Suppose you want to be able to connect all the computers in your company into a computer
network. The first thing that you could use is the networking capabilities of
UUCP, which is included in Linux's network package. However, this is limited
to exchanging files, remotely executing programs, and simple terminal
emulation. Also, it is limited to serial lines and the speed at which data can be transferred is
limited as well.
So it was in the dark recesses of ancient computer history. Today, products exist that allow
simultaneous connection between multiple machines with substantially higher performance. One such
product is TCP/IP (Transmission Control Protocol/Internet Protocol). If a company decides it needs
an efficient network, it might decide to install TCP/IP, which has become the
industry standard for connecting not only UNIX systems, but other systems as
There is a problem with TCP/IP that many companies run into. Suppose you want everyone in the
company to be able to access a specific set of files. With TCP/IP you could devise a scheme that
copies the files from a central machine to the others. However, if the files need to be changed, you
need to ensure that the updated files are copied back to your source machine. This is not only prone
to errors, but it is also inefficient.
Why not have a single location where the source files themselves can be edited? That way, changes
made to a file are immediately available to everyone. The problem is that TCP/IP by itself has
nothing built in to allow you to share files. You need a way to make a directory (or set of
directories) on a remote machine appear as though it were local to your machine.

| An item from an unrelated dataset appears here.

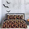 Sleepdown Halloween Spooky Ghost Black Orange Flannel Fleece Reversible Duvet Cover Quilt Bedding Set with Pillowcase Warm Soft Easy Care Bed Linen - Single (135cm x 200cm), 5056557512508

Like many operating systems, Linux provides an answer: NFS
(Network File System). With NFS, directories or even entire filesystems can appear as if they are
local. One central computer can have the files physically on its hard disk and make them available
via NFS to the rest of the network.
Two other products are worth mentioning. To incorporate the wonders of a graphical user interface
(GUI), you have a solution in the form of X-Windows. And if you just switched to Linux and still
have quite a few DOS applications that you can't live without, Linux provides a
solution: dosemu or the DOS Emulator package.